▶ _WHAT NEEDS TO BE DONE_: The listing is to be returned word for word, without its images.

#### SOURCE MATERIAL ####

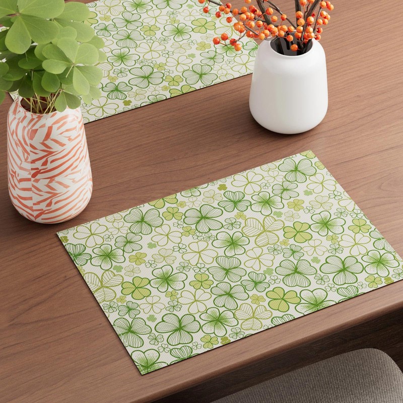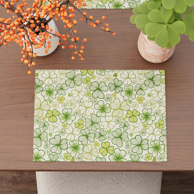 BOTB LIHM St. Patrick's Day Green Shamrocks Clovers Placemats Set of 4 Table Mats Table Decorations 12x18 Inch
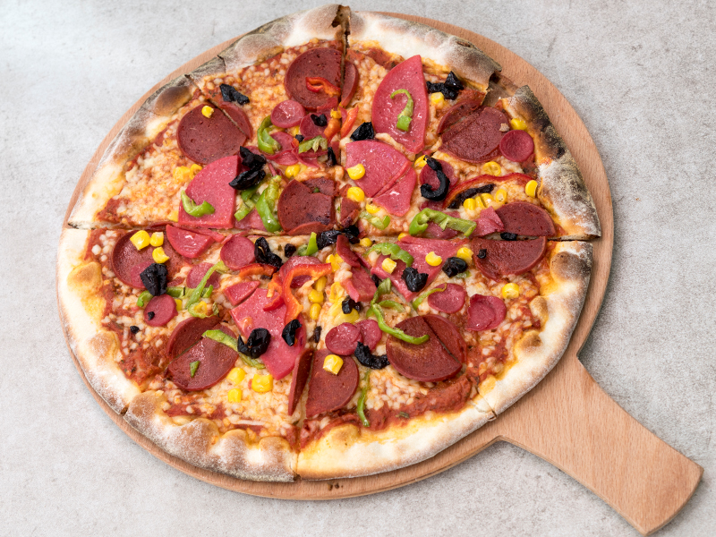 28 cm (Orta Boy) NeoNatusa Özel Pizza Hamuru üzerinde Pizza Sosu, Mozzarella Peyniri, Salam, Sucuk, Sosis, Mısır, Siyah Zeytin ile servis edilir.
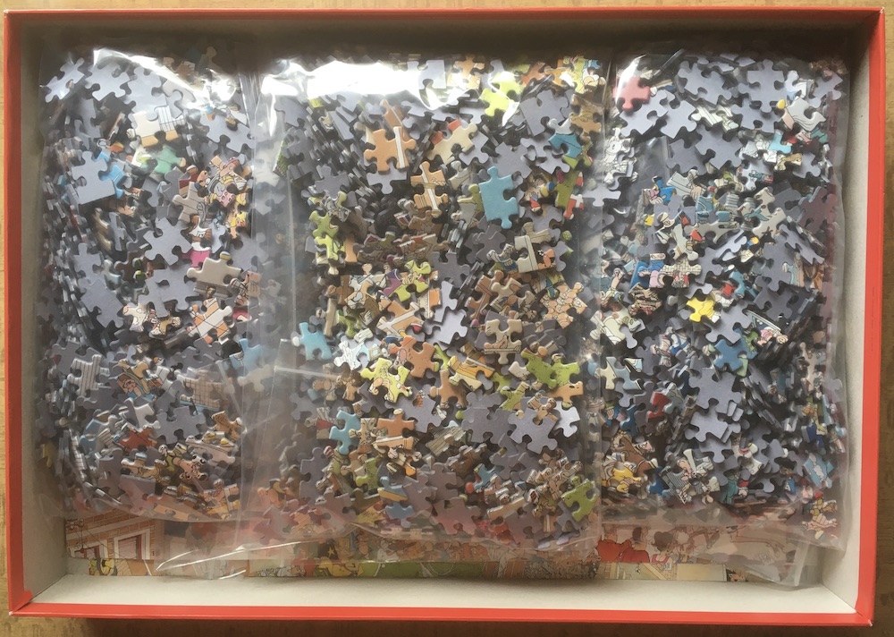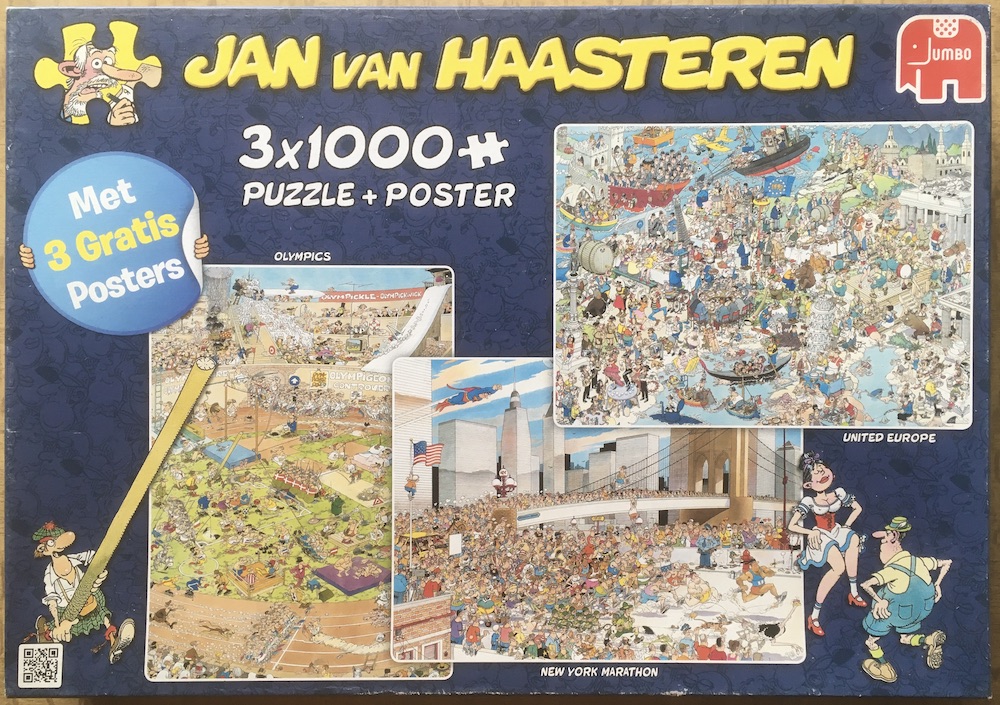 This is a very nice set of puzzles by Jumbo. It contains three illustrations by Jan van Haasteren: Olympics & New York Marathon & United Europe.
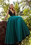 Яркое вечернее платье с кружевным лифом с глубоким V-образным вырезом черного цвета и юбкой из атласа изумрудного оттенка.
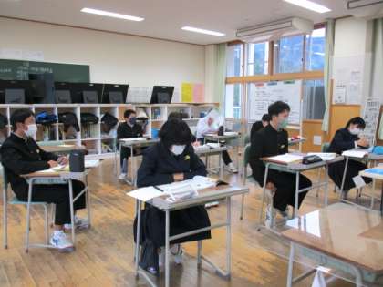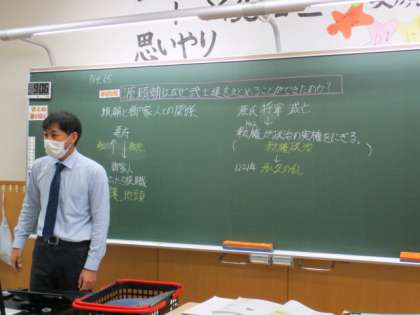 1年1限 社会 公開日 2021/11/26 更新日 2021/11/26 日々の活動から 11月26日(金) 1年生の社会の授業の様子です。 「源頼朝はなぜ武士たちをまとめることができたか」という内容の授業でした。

####

▶ _RESPONSE TO THIS EXERCISE_:
 BOTB LIHM St. Patrick's Day Green Shamrocks Clovers Placemats Set of 4 Table Mats Table Decorations 12x18 Inch
 28 cm (Orta Boy) NeoNatusa Özel Pizza Hamuru üzerinde Pizza Sosu, Mozzarella Peyniri, Salam, Sucuk, Sosis, Mısır, Siyah Zeytin ile servis edilir.
 This is a very nice set of puzzles by Jumbo. It contains three illustrations by Jan van Haasteren: Olympics & New York Marathon & United Europe.
 Яркое вечернее платье с кружевным лифом с глубоким V-образным вырезом черного цвета и юбкой из атласа изумрудного оттенка.
 1年1限 社会 公開日 2021/11/26 更新日 2021/11/26 日々の活動から 11月26日(金) 1年生の社会の授業の様子です。 「源頼朝はなぜ武士たちをまとめることができたか」という内容の授業でした。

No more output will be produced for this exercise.